# Task to carry out
Skip the pictures and restate, word for word, the lines from the one containing "熟練の技巧、信頼の日本製。金" to the end of the data below.

Stored items from a collection
★ ★ ★

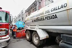 ![]() Cisternas controlando el incendio en el lugar de los hechos junto a la unidad de bomberos. | ||
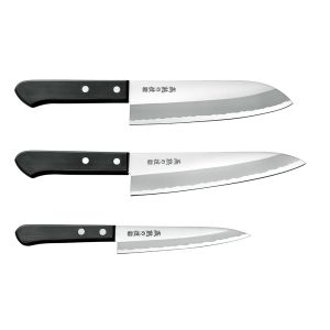 熟練の技巧、信頼の日本製。金属加工の町、新潟県燕市で作られた三徳包丁です。シンプルで使いやすい形状、刀身にマーキング入り。キッチンバサミもついているので便利です。※キッチンバサミは中国製です。【商品サイズ】三徳包丁 全長/280mm、刃渡り/165mmキッチンバサミ/205×75×10mm【材質】刃部/ステンレス刃物鋼、ハンドル/PBT樹脂・ABS樹脂
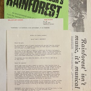 (David Tudor). Walker Art Center presents David Tudor’s Rainforest. WAC Gallery 3, 12-13, 15-16 June [1976]
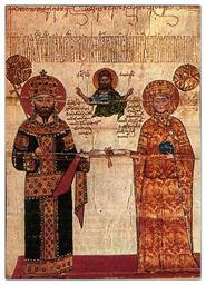 Keywords: Ο Αλέξιος Γ’ Μεγάλος Κομνηνός 1349-1390 με τη σύζυγο του Θεοδώρα σε μικρογραφία του κτιτορικού χρυσόβουλλου της Μονής Διονυσίου του.jpg el Ο Αλέξιος Γ εγάλος Κομνηνός 1349-1390 με τη σύζυγο του Θεοδώρα σε μικρογραφία του κτιτορικού χρυσόβουλλου της ονής Διονυσίου του 1349 1350 http //anemourion blogspot bg/search/label/ CE 9C CE 91 CE 9A CE 95 CE 94 CE 9F CE 9D CE 99 CE 91 20 CE 91 CE A1 CE A7 CE 91 CE 99 CE 9F CE 9B CE 9F CE 93 CE 99 CE 91- CE A0 CE 9F CE 9B CE 99 CE A4 CE 99 CE A3 CE 9C CE 9F CE A3 author other versions Custom license marker 2016 07 04 PD-old Empire of Trebizond Medieval miniatures of Byzantine emperors 14th-century Byzantine illuminated manuscripts Ktitor Moni Dionysiou Athos Alexios III Megas Komnenos |
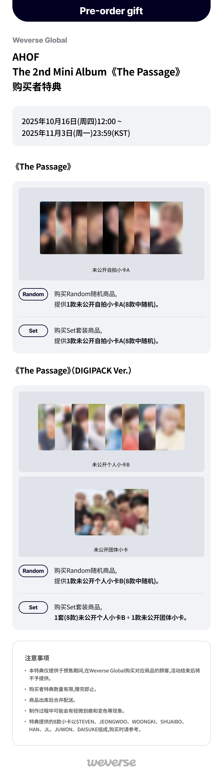 【Weverse Global】AHOF The 2nd Mini Album《The Passage》购买者特典

★ ★ ★

# Output for this task
 熟練の技巧、信頼の日本製。金属加工の町、新潟県燕市で作られた三徳包丁です。シンプルで使いやすい形状、刀身にマーキング入り。キッチンバサミもついているので便利です。※キッチンバサミは中国製です。【商品サイズ】三徳包丁 全長/280mm、刃渡り/165mmキッチンバサミ/205×75×10mm【材質】刃部/ステンレス刃物鋼、ハンドル/PBT樹脂・ABS樹脂
 (David Tudor). Walker Art Center presents David Tudor’s Rainforest. WAC Gallery 3, 12-13, 15-16 June [1976]
 Keywords: Ο Αλέξιος Γ’ Μεγάλος Κομνηνός 1349-1390 με τη σύζυγο του Θεοδώρα σε μικρογραφία του κτιτορικού χρυσόβουλλου της Μονής Διονυσίου του.jpg el Ο Αλέξιος Γ εγάλος Κομνηνός 1349-1390 με τη σύζυγο του Θεοδώρα σε μικρογραφία του κτιτορικού χρυσόβουλλου της ονής Διονυσίου του 1349 1350 http //anemourion blogspot bg/search/label/ CE 9C CE 91 CE 9A CE 95 CE 94 CE 9F CE 9D CE 99 CE 91 20 CE 91 CE A1 CE A7 CE 91 CE 99 CE 9F CE 9B CE 9F CE 93 CE 99 CE 91- CE A0 CE 9F CE 9B CE 99 CE A4 CE 99 CE A3 CE 9C CE 9F CE A3 author other versions Custom license marker 2016 07 04 PD-old Empire of Trebizond Medieval miniatures of Byzantine emperors 14th-century Byzantine illuminated manuscripts Ktitor Moni Dionysiou Athos Alexios III Megas Komnenos |
 【Weverse Global】AHOF The 2nd Mini Album《The Passage》购买者特典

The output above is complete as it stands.